• **Extracted data**
[Start of section]
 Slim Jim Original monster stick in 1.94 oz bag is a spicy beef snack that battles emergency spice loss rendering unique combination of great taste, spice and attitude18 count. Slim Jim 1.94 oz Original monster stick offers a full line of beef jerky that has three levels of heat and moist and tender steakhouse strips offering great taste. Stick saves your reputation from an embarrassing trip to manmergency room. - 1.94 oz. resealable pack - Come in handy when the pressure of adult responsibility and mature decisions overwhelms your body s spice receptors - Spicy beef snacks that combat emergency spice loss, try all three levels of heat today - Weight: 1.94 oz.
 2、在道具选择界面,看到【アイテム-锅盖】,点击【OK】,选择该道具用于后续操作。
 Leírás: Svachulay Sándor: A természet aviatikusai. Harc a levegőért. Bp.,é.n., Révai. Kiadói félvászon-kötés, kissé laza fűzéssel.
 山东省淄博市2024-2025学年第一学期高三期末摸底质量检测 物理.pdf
[End of section]
[Start of section]
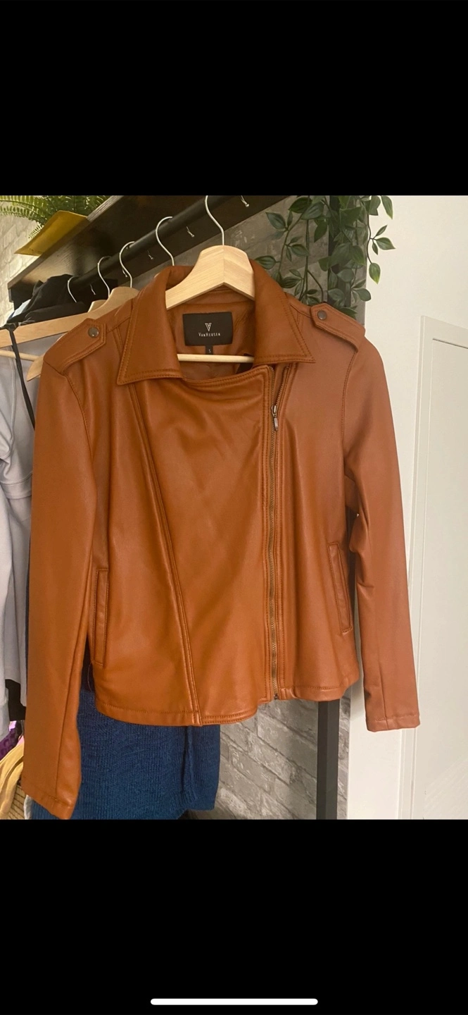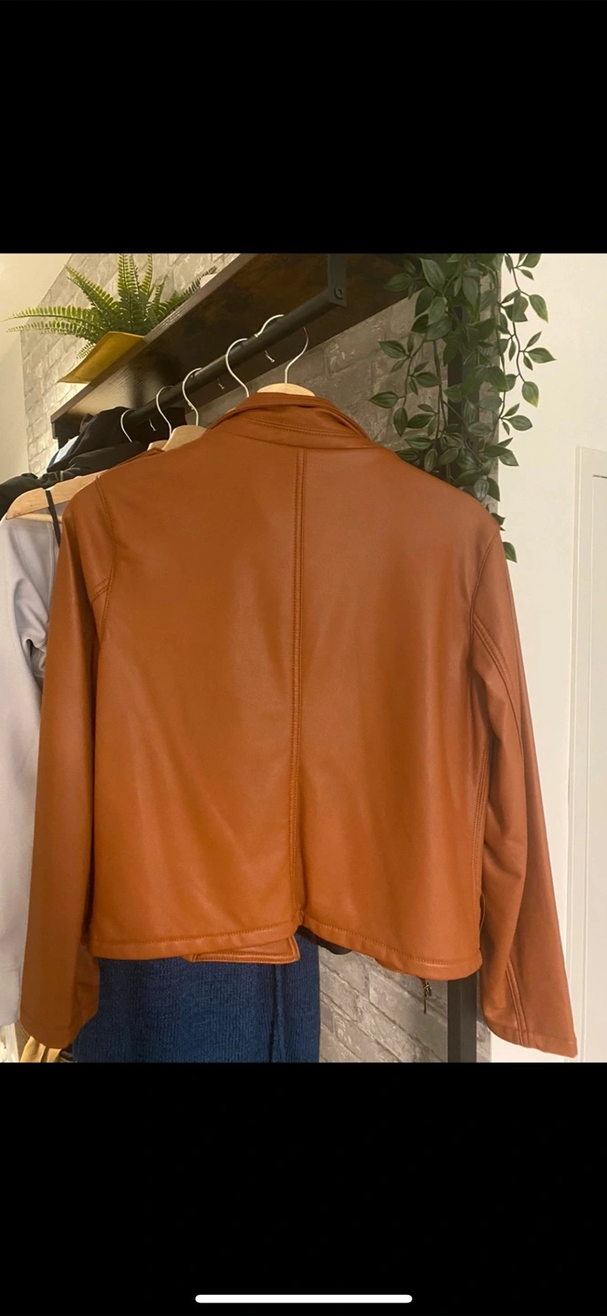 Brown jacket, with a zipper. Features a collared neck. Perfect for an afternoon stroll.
[End of section]
• **What to do**
Retype only the lines above between the line with "Leírás: Svachulay Sándor: A" and the line with "山东省淄博市2024-2025学年第一学期高三期末摸底质量检测 物理.pdf", counting those two lines as well, and keep every character as it is.

• **Task solution**
 Leírás: Svachulay Sándor: A természet aviatikusai. Harc a levegőért. Bp.,é.n., Révai. Kiadói félvászon-kötés, kissé laza fűzéssel.
 山东省淄博市2024-2025学年第一学期高三期末摸底质量检测 物理.pdf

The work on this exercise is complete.